- Begin with N of 10, increase by 10 until p < 0.05 or max N reached.
- This design has inflated type-I error.
- Lower p-value threshold needed to ensure specified type-I error rate.
- The number of interim analyses and max N affect the type-I error rate.
- Threshold can be identified using simulation.

A recent Facebook post to a statistician group highlighted a basic science article (in a Nature journal: https://www.nature.com/articles/s41467-017-02765-w#Sec10) that used a 'foolproof' study design: "we continuously increased the number of animals until statistical significance was reached to support our conclusions." Many of the statisticians in the group were exasperated! The group was rightly critical of the authors' brazen approach, but also due to the resulting inflated type-I error rate. However, as the following code demonstrates, this approach needs only a simple modification to become a *valid* (i.e., by preserving the specified type-I error rate) adaptive trial design.

For simplicity (and completeness), consider a block-randomized two sample comparison using a t-test. Then, begin with a sample size of 10 in each group and increase by 10 until p < 0.05 or until a maximum sample size is reached.

The code chunk below simulates this study design. This process was repeated many times under the null hypothesis (no difference in mean outcome) and the test results used to estimate the actual type-I error rate, as well as the median (IQR) total sample size. When the maximum sample size is 100 per group, the type-I error rate is about 19% and the median (IQR) sample size is 100 (100, 100) per group. If the sample size increment is 5 instead of 10, the type-I error rate is about 24%. When the maximum sample size is 1000 per group, type-I error rate is about 37% and the median (IQR) sample size is 1000 (200, 1000) per group. Thus, smaller sample size increment (more frequent interim analysis) and larger maximum sample size both result in a larger type-I error rate.

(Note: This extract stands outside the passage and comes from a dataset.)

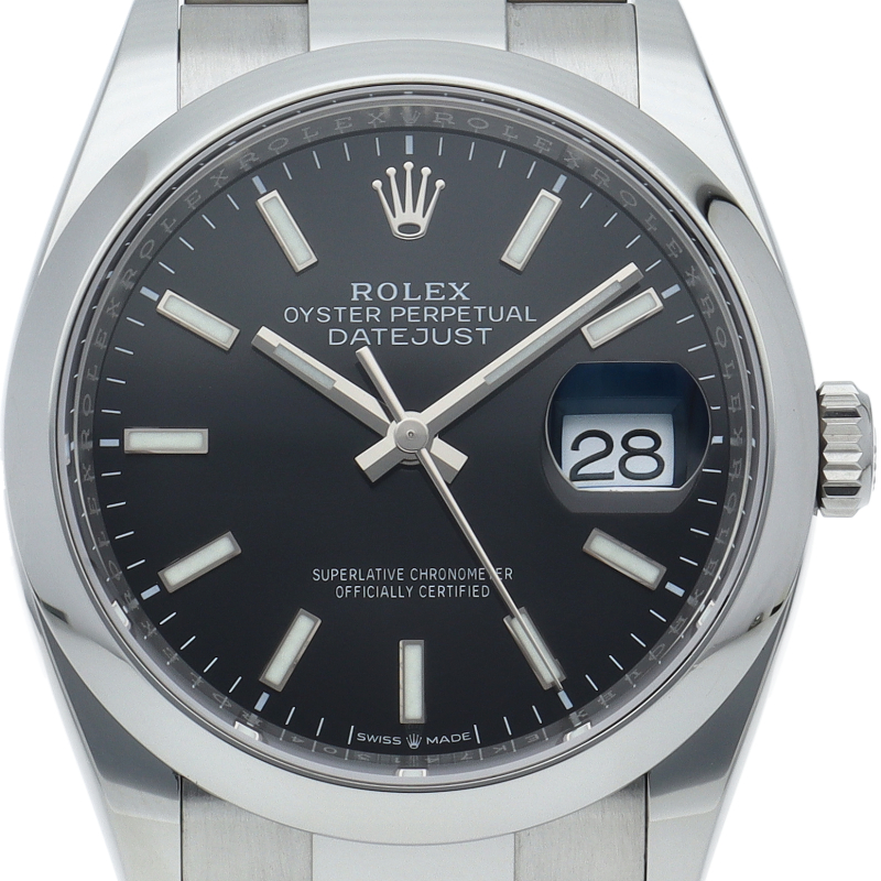 ケース径36mmのメンズモデル「デイトジャスト36」。14件もの特許を取得し、新開発の脱進機のクロナジーエスケープメントを装備した上で70時間ものロングパワーリザーブを確保した自社開発キャリバー3235を搭載します。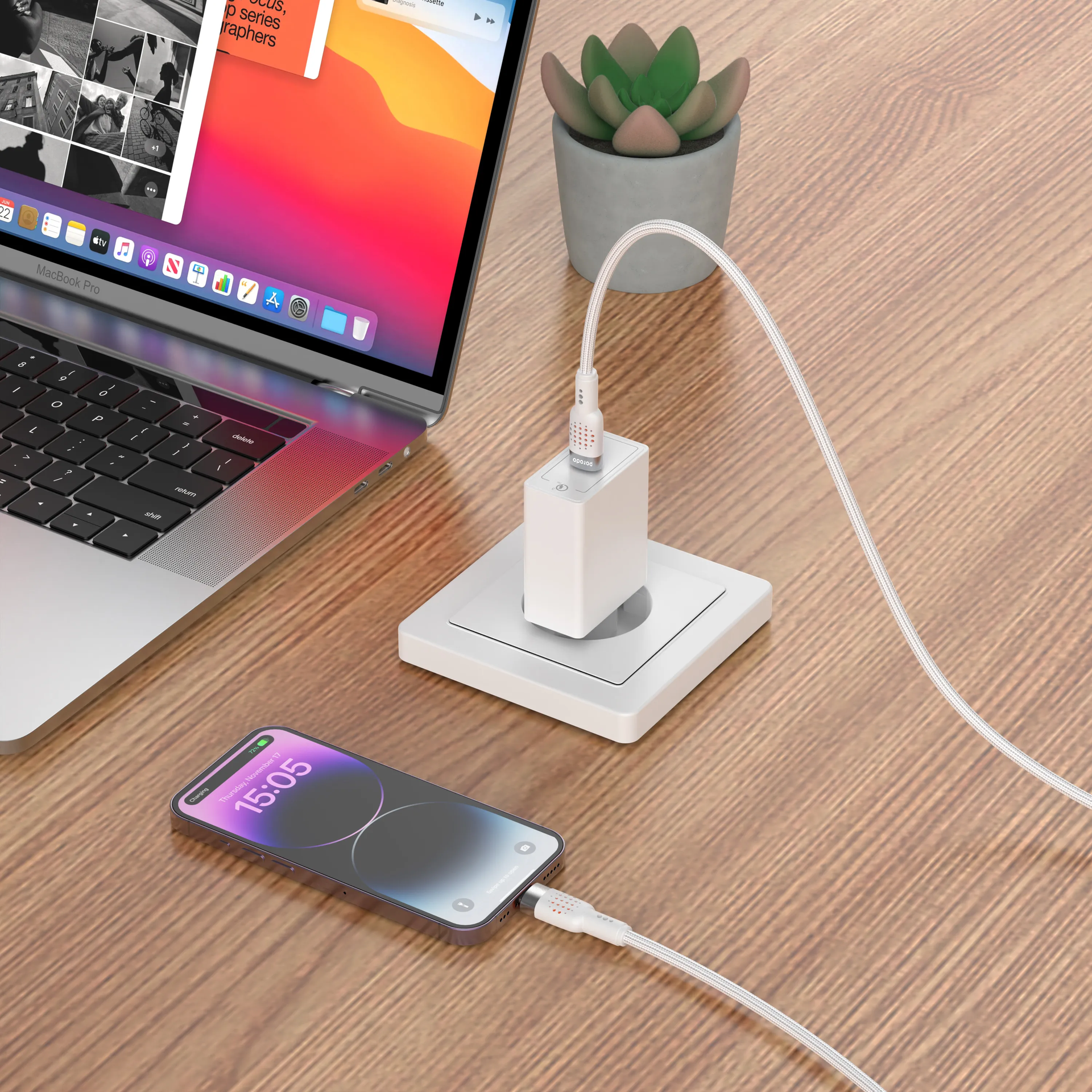 PORODO USB C TO LIGHTNING ALUMINIUM BRAIDED CABLE PD30W 1.2M WHITE PD-CBL-0010-WH

19%, 24%, and 37% are obviously unacceptably large type-I error rates. However, the specified type-I error rate (usually 5%) can be achieved by modifying the p-value threshold. The final code chunk below demonstrates that, by using a p-value threshold of 0.01 (found by guess-and-check), maximum sample size of 100, and sample size increment at 10, the type-I error rate is about 5%. This also has the effect that the maximum sample size is reached in about 95% of simulated studies, under the null.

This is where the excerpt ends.